39. Combination Sum

Problem Description

This problem presents us with a challenge: given a list of distinct integers called candidates and a target integer called target, we need to find all unique combinations of these candidates that add up to the target. The crucial part to note is that each number from candidates can be used repeatedly––an unlimited number of times.

A combination is considered unique if the count of at least one of the numbers in it differs from that in any other combination. The result can be in any order and doesn't have to be sorted.

To narrow down the possibilities, the problem assures us that the total number of unique combinations won't exceed 150 for the input provided.

Intuition

The intuition behind solving this problem involves employing a classic backtracking approach called Depth-First Search (DFS). The idea is to explore all possible combinations that can add up to the target by building them incrementally and backtracking whenever we either achieve the target sum or exceed it.

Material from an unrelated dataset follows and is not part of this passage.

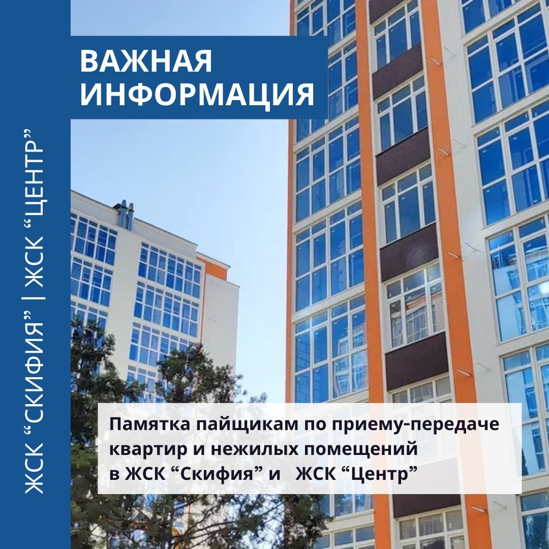⚡️ Чтобы этап приема-передачи квартир и нежилых помещений в ЖСК "Скифия" и "Центр" прошел быстро и понятно, мы подготовили памятку для вас. Сохраните и передайте информацию соседям! ➡️ В установленные даты каждому пайщику нужно будет приехать в Кооператив для приемки квартиры/нежилого помещения. График будет обязательно опубликован. Следите за новостями! ➡️ Приемка квартиры/нежилого помещения происходит в день осмотра с участием представителя Кооператива. Пайщик принимает квартиру/нежилое помещение по акту приема-передачи, который подписывается Кооперативом и пайщиком. ➡️ При осмотре квартиры/нежилого помещения устанавливается соответствие техническому состоянию, предусмотренному договором о членстве. ➡️ Если пайщик хочет провести осмотр с участием стороннего специалиста, нужно об этом письменно уведомить Кооператив за 3 рабочих дня до даты осмотра. При этом нужно приложить копии документов: ✅ которые подтверждают образование и квалификацию привлекаемого специалиста. А именно:

1. Sorting Candidates: We start by sorting the list of candidates. While not necessary for the solution's correctness, this step can optimize the process by allowing us to stop early when the current candidate exceeds the remaining target sum.

2. DFS Function: We define a recursive function, dfs, to explore different combinations. The function takes two parameters: i representing the index of the current candidate and s for the remaining sum we need to reach the target. Within this function, we have two base cases:

   • If s becomes 0, we've found a valid combination and add a copy of the current combination to the list of answers.
   • If i is out of bounds or the current candidate exceeds s, we cannot make a combination with the present choices and need to backtrack.

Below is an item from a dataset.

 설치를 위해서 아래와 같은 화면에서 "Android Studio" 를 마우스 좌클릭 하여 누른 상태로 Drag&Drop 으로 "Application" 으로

3. Exploring Candidates: At each step, we have two choices:

   • Skip the current candidate and proceed to the next one using dfs(i + 1, s).
   • Include the current candidate in the current combination, adjust the remaining sum s by subtracting the candidate's value, and stay at the current index assuming we can pick it again with dfs(i, s - candidates[i]). We also need to add the included candidate to the temporary list t.

4. Backtracking: After exploring the option with the current candidate included, we backtrack by removing it from the combination using t.pop() to restore the state for other explorations.

5. Avoiding Duplicates: Sorting candidates and ensuring that we always start with the smallest possible candidate for each slot in a combination avoid duplication naturally because each combination will be built up in a sorted manner.

6. Execution: We initialize the list to store our temporary and final answers, t and ans, respectively, and start our DFS with dfs(0, target).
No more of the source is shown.